Thread

  1. Re: block-level incremental backup

    Adam Brusselback <adambrusselback@gmail.com> — 2019-04-23T19:12:27Z

    I hope it's alright to throw in my $0.02 as a user. I've been following
    this (and the other thread on reading WAL to find modified blocks,
    prefaulting, whatever else) since the start with great excitement and would
    love to see the built-in backup capabilities in Postgres greatly improved.
    I know this is not completely on-topic for just incremental backups, so I
    apologize in advance. It just seemed like the most apt place to chime in.
    
    
    Just to preface where I am coming from, I have been using pgBackRest for
    the past couple years and used wal-e prior to that.  I am not a big *nix
    user other than all my servers, do all my development on Windows / use
    primarily Java. The command line is not where I feel most comfortable
    despite my best efforts over the last 5-6 years. Prior to Postgres, I used
    SQL Server for quite a few years at previous companies but was more a
    junior / intermediate skill set back then. I just wanted to put that out
    there so you can see where my bias's are.
    
    
    
    
    With all that said, I would not be comfortable using pg_basebackup as my
    main backup tool simply because I’d have to cobble together numerous tools
    to get backups stored in a safe (not on the same server) location, I’d have
    to manage expiring backups and the WAL which is no longer needed, along
    with the rest of the stuff that makes these backup management tools useful.
    
    
    The command line scares me, and even if I was able to get all that working,
    I would not feel warm and fuzzy I didn’t mess something up horribly and I
    may hit an edge case which destroys backups, silently corrupts data, etc.
    
    I love that there are tools that manage all of it; backups, wal archiving,
    remote storage, integrate with cloud storage (S3 and the like), manages the
    retention of these backups with all their dependencies for me, and has all
    the restore options necessary built in as well.
    
    
    Block level incremental backup would be amazing for my use case. I have
    small updates / deletes that happen to data all over some of my largest
    tables. With pgBackRest, since the diff/incremental backups are at the file
    level, I can have a single update / delete which touched a random spot in a
    table and now requires that whole 1gb file to be backed up again. That
    said, even if pg_basebackup was the only tool that did incremental block
    level backup tomorrow, I still wouldn’t start using it directly.
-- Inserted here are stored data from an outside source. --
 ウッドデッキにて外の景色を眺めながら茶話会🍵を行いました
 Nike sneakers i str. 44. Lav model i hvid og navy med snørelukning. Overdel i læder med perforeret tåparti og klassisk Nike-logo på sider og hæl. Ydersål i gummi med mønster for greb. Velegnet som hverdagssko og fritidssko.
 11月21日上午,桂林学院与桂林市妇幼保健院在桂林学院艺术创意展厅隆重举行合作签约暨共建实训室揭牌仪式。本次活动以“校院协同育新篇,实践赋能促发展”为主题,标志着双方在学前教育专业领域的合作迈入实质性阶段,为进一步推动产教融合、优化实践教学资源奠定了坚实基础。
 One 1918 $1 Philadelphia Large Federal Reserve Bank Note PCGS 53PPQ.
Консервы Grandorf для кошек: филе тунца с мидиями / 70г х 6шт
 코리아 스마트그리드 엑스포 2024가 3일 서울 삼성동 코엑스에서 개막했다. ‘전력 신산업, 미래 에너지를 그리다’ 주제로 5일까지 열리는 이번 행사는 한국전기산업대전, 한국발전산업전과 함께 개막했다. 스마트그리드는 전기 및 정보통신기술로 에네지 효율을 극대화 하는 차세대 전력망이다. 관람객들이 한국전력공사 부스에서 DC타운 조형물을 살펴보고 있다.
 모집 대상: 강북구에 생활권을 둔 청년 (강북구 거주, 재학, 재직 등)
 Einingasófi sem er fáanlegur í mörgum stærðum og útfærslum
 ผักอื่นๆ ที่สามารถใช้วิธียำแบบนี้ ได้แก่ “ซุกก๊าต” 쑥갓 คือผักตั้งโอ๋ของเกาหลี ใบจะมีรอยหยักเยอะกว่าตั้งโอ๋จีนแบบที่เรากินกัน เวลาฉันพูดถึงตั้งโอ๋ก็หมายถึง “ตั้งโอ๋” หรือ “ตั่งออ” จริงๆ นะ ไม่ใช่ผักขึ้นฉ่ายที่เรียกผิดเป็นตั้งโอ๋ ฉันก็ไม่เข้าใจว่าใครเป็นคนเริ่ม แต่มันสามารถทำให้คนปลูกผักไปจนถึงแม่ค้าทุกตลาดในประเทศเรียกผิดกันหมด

I went
    into the issues I’d have to deal with if I used pg_basebackup above, and
    incremental backups without a management tool make me think using it
    correctly would be much harder.
    
    
    I know this thread is just about incremental backup, and that pretty much
    everything in core is built up from small features into larger more complex
    ones. I understand that and am not trying to dump on any efforts, I am
    super excited to see work being done in this area! I just wanted to share
    my perspective on how crucial good backup management is to me (and I’m sure
    a few others may share my sentiment considering how popular all the
    external tools are).
    
    I would never put a system in production unless I have some backup
    management in place. If core builds a backup management tool which uses
    pg_basebackup as building blocks for its solution…awesome! That may be
    something I’d use.  If pg_basebackup can be improved so it can be used as
    the basis most external backup management tools can build on top of, that’s
    also great. All the external tools which practically every Postgres company
    have built show that it’s obviously a need for a lot of users. Core will
    never solve every single problem for all users, I know that. It would just
    be great to see some of the fundamental features of backup management baked
    into core in an extensible way.
    
    With that, there could be a recommended way to set up backups
    (full/incremental, parallel, compressed), point in time recovery, backup
    retention, and perform restores (to a point in time, on a replica server,
    etc) with just the tooling within core with a nice and simple user
    interface, and great performance.
    
    If those features core supports in the internal tooling are built in an
    extensible way (as has been discussed), there could be much less
    duplication of work implementing the same base features over and over for
    each external tool. Those companies can focus on more value-added features
    to their own products that core would never support, or on improving the
    tooling/performance/features core provides.
    
    
    Well, this is way longer and a lot less coherent than I was hoping, so I
    apologize for that. Hopefully my stream of thoughts made a little bit of
    sense to someone.
    
    
    -Adam